Thanks, Starspage.com! Anyway, I know the trilogy (and fourth film which was awful so I shan't acknowlegde it from this point on) has long since sailed over the edge of the world, but... imagine you run a restaurant. Some regular customer, a real charmer, says they're leaving to go overseas. You throw them a big party, give speeches and generally make a great night out of it, then the next day, you come in to work to find that all the food in your storeroom has been replaced with poo. Huge jars of the stuff. That is how I feel about Jack Sparrow, sometime captain of the Black Pearl. He crapped in my jars.
Allow me to clarify.
5. He ran away.
Jack began his adventures by running towards danger. Like an absolute deranged tit. In fact, in Curse of the Black Pearl, he and Senor Bloomingdales ran towards the bad guys underwater, using a upside down canoe as a sort of diving helmet. Sure, he was running in a sneaky, underhanded way, but behind the sneaking was a genuinely charming modicum of bravery. Actual, palpable bravery. As the films went on, he began running away, in more ways than one.
4. He got stupider.
As he go more cowardly, Captain Jack got stupider. You see, he was initially written as a kind of drunken master; his swaying and vacillating bung-eye and the ever-present cloying stink of rum, as commented on continuously by all and sundry, was an act. A ruse. Sure, he was drunk, but his entire personality was a gorgeous, honeyed pitcher-plant, designed to lull people in, then use them. His machinations were undulating and adaptable, and they ensured that not only he, but also his friends would live to fight another day. The second film, however, began sloughing off this glorious shell, leavig behind a dumb guy in a silly hat.
3. He became a jerk.
So we've established that after the first film, Jack got stupider. He also, tragically, got meaner. The reason Jack was such an appealing character was that between cocky, brash displays of bravado, he'd let people see that he genuinely cared. He'd give Will Turner actual, sincere, fatherly advice. He'd go back for his crew. He did such a good job of being genuinely caring, albeit beneath a crusty exterior, that Turner risked his life to rescue Jack from the gallows. And yet somehow, by the second film, he's jettisoned any compassion and taken to abandoning his friends, screwing over his crew and cheating on Will with Kiera Knightley of all people. KIERA KNIGHTLEY. *shudder*
2. He stopped caring, but people cared about him more and more.
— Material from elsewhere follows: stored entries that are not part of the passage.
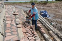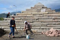 olarak düşünülen piramitlere taş döşüyor. Daha önce böyle bir işi hiç yapmamış.
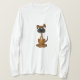 Brauner und weiß und schwarzer sitzender Welpen-Hundeshirt- oder -sweatshirtentwurf des entzückenden Cartoon. Niedlich und Spaß und voll von der Persönlichkeit. Kann kundenspezifischen Text bei der Einrichtung auch addieren.
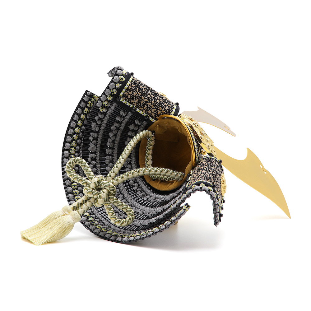 錣(しころ)は落ち着いた印象のシンプルな黒塗り、鉢は合わせ鉢と言われる実物の兜と同様に一枚一枚継いで作る伝統的な製造方法で製作しています。鉢、鍬形台、据文の装飾を邪気を払う神聖な花とされる菊の花で統一し、品のある兜に仕上げています。
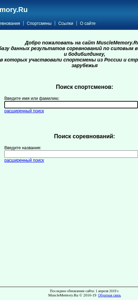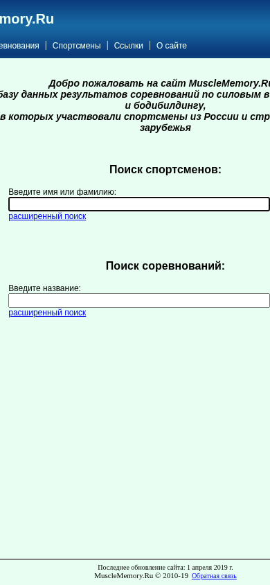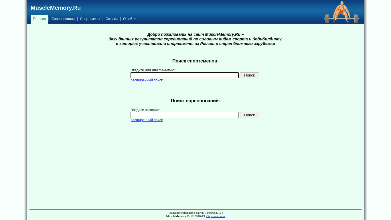 | AI-анализ | language: ru  The portal MuscleMemory.Ru is a database of results from competitions in powerlifting and bodybuilding, featuring athletes from Russia and neighboring countries. Users can search for athletes by name and for competitions by name, with the option for extended searches. The website was last updated on April 1, 2019. |
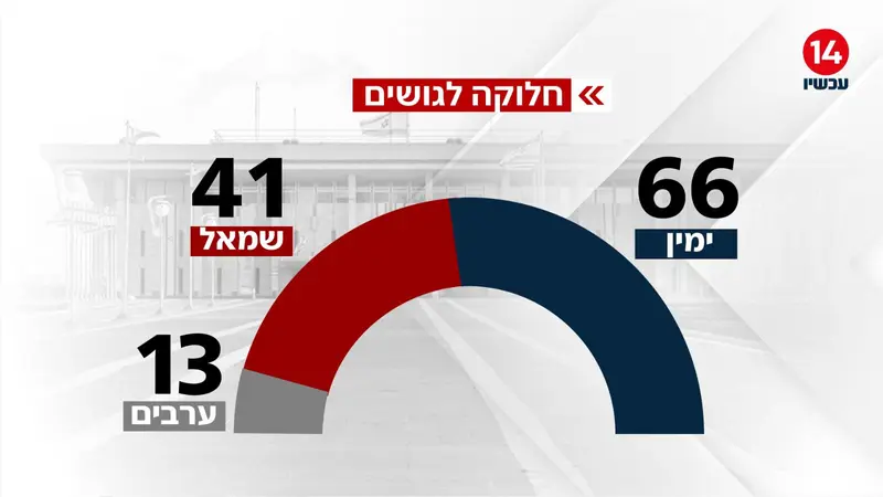 חלוקת הגושים מצביעה על יתרון ברור לימין: 66 מנדטים לגוש הימין, לעומת 41 לגוש השמאל ו-13 מנדטים למפלגות הערביות.

This ties in with point three, but stings more: the second film sees Jack doing a 180 degree swing from loveable Han Solo style rogue/mentor to tactless womanising bastard. And yet somehow, when he gets eaten at the conclusion of the interminable part two in the series, his friends - the same friends he's been screwing over the whole movie - tearfully dedicate themselves to bringing him back from the dead. Which is the kind of jarring, idiotic narrative dissonance that makes this series about as consistent as the Matrix trilogy.
1. He got Braffed.
This is the worst crime of all: near the tail end of season three of scrubs, Zach Braff and co. turned J.D. from a thoughtful, sometimes goofy but incredibly competent young doctor into... this guy.
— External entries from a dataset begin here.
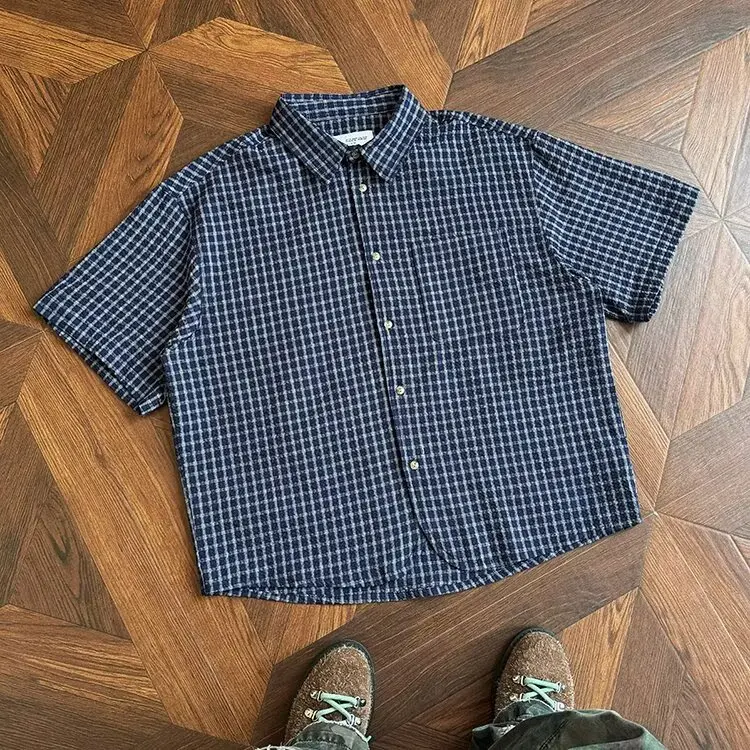여름 반팔 와이드핏 셔츠 남성 학생 레트로 체크 셔츠 커플 상의 클린핏 트렌디 루즈핏 셔츠 청소년 인기 여름 얇은 모델
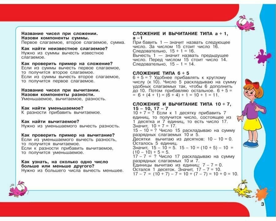 Но в добавок к примерам есть яркие иллюстрации, на каждой страничке дети и веселые комментарии разряжающие обстановку, милые рисунки. Они не отвлекают от примеров (рисунки вне столбиков, отдельно) но создают атмосферу приятную и решать веселее. -
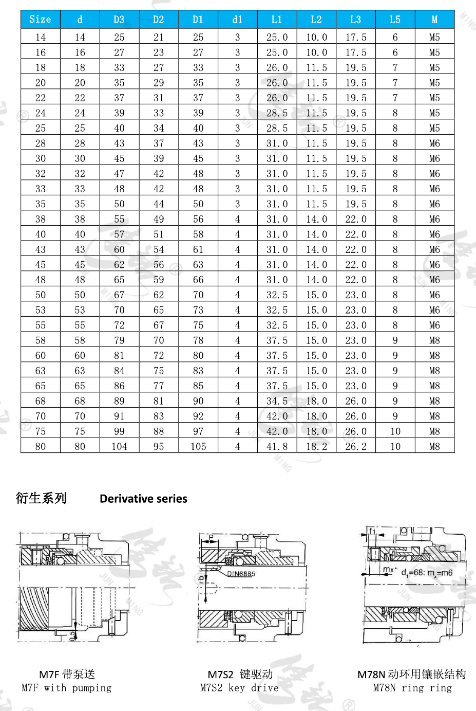 M7N系列應(yīng)用廣泛,互換性強(qiáng),密封環(huán)非緊嵌入,替換方便。推環(huán)由傳動(dòng)搭子卡住,防止彈簧脫落。靜環(huán)可以限位,彈簧行程受限制,避免碳環(huán)過度磨損。
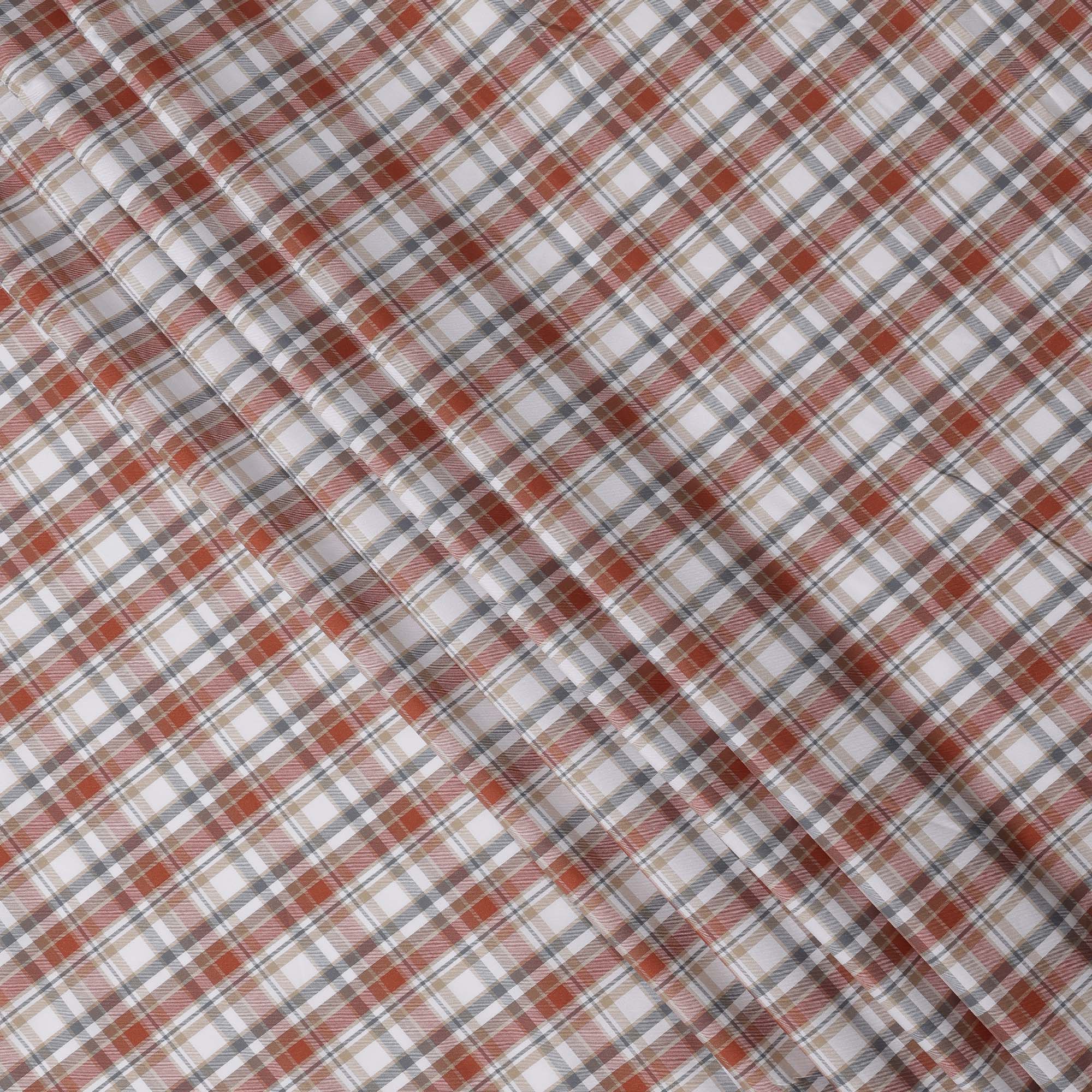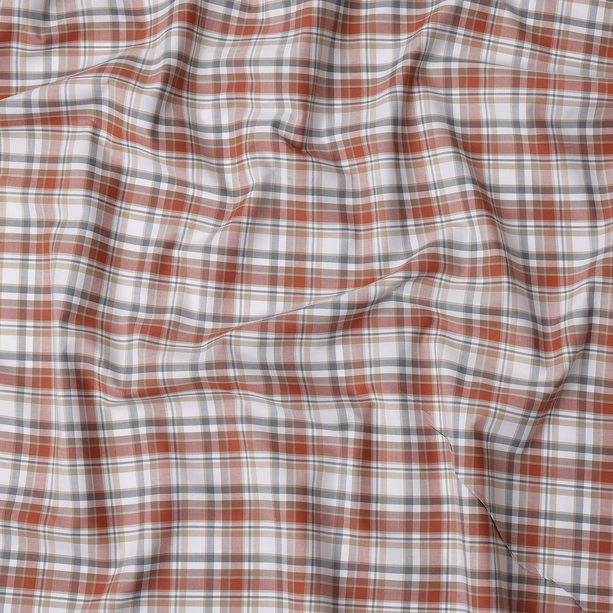 Premium cotton shirting fabric featuring white, rust, and grey tartan checks.

Granted, there's some of The Todd in there, but still. When something gets 'Braffed', it goes from great to annoying really fast. Take, for example, every track off the Garden State soundtrack. They all got Braffed. And captain Jack Sparrow got Braffed harder than a Braff could Braff. How? By sacraficing everything that made him great - heroism, charm, mentoring, bravery, loyalty, with just a splash of idiocy - and replaced it instead with big, dumb, marketable and iconic pratfalls and setpieces, combined with acts of downright cruelty towards characters he previously went out of his way to help.
Which, ironically, not even JD would do. Especially not to his chocolate bear.